── Data

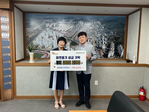 [½Åµ¿¾Æ¹æ¼Û´º½º=·ù¸®Áö±âÀÚ] ±èÇØ½Ã Áø¿µÀ¾ÇàÁ¤º¹Áö¼¾ÅÍ(À¾Àå ±èÁÖ¼ö)´Â Áö³­ 2ÀÏ ÁßÈï¿¡ÄÚ½ÃÆ¼ºÎµ¿»ê (´ëÇ¥ ½Å¾ç¼÷)À¸·ÎºÎÅÍ ÀÌ¿ôµ½±â ¼º±Ý 100¸¸¿øÀ» ±âŹ ¹Þ¾Ò´Ù°í ¹àÇû´Ù. ½Å¾ç¼÷ ´ëÇ¥´Â ¡°2023³â °ÅÁÖÁö µ¿À¾ÇàÁ¤º¹Áö¼¾ÅÍ·Î ±âºÎ¸¦ ÇÏ¿´À¸¸ç, 2024³â¿¡´Â Á÷À塦
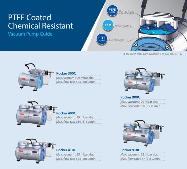 ROCKER 410C PTFE Coated Chemical Resistant Vacuum Pump 20 L/min
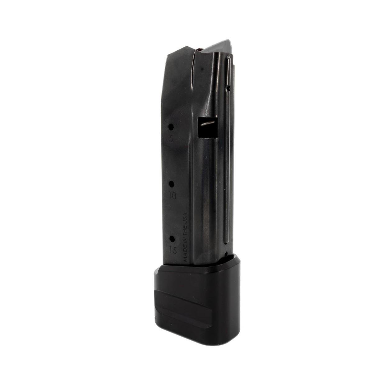 The Shield Arms S15 Gen 2 PowerCron 15 round 9mm magazine with an anodized Shield Arms +5 magazine extension pre-installed. Their unique easy access floor plate design allows you to quickly access the spring and follower without having to remove the extension from the magazine body. Comes with a 100% lifetime warranty and the Shield Arms Spring for LIfe Guarantee.
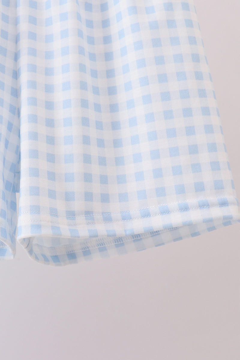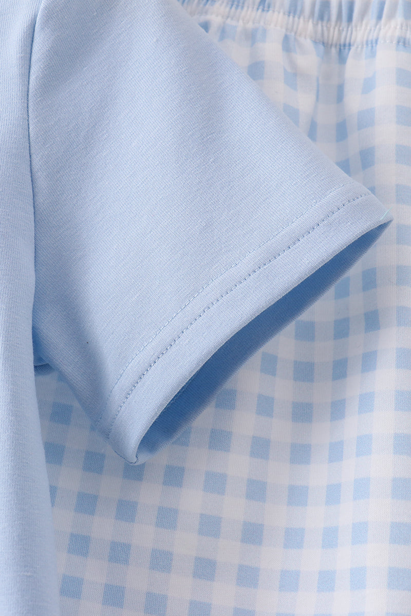 Blue tractor applique shorts set
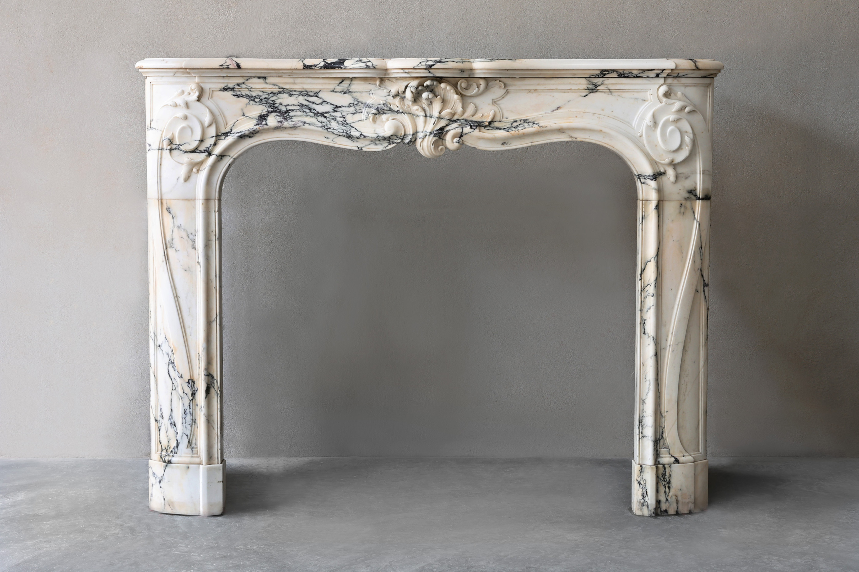 Deze antieke marmeren schouw is een origineel stuk uit de tweede helft van de 19e eeuw, afkomstig uit Parijs. Het ontwerp is volledig in lijn met de sierlijke Louis XV-stijl, gekenmerkt door vloeiende lijnen, symmetrie en een verfijnde afwerking. De haard is vervaardigd uit het zeldzame Paonazzo-marmer, herkenbaar aan zijn lichte achtergrond en opvallende aders in zwart, goud en grijs.

────

**Required work**
Ending at the line with "Blue tractor applique shorts set", reproduce exactly the lines that begin at the top of the data, and include no pictures.

**Response**
 [½Åµ¿¾Æ¹æ¼Û´º½º=·ù¸®Áö±âÀÚ] ±èÇØ½Ã Áø¿µÀ¾ÇàÁ¤º¹Áö¼¾ÅÍ(À¾Àå ±èÁÖ¼ö)´Â Áö³­ 2ÀÏ ÁßÈï¿¡ÄÚ½ÃÆ¼ºÎµ¿»ê (´ëÇ¥ ½Å¾ç¼÷)À¸·ÎºÎÅÍ ÀÌ¿ôµ½±â ¼º±Ý 100¸¸¿øÀ» ±âŹ ¹Þ¾Ò´Ù°í ¹àÇû´Ù. ½Å¾ç¼÷ ´ëÇ¥´Â ¡°2023³â °ÅÁÖÁö µ¿À¾ÇàÁ¤º¹Áö¼¾ÅÍ·Î ±âºÎ¸¦ ÇÏ¿´À¸¸ç, 2024³â¿¡´Â Á÷À塦
 ROCKER 410C PTFE Coated Chemical Resistant Vacuum Pump 20 L/min
 The Shield Arms S15 Gen 2 PowerCron 15 round 9mm magazine with an anodized Shield Arms +5 magazine extension pre-installed. Their unique easy access floor plate design allows you to quickly access the spring and follower without having to remove the extension from the magazine body. Comes with a 100% lifetime warranty and the Shield Arms Spring for LIfe Guarantee.
 Blue tractor applique shorts set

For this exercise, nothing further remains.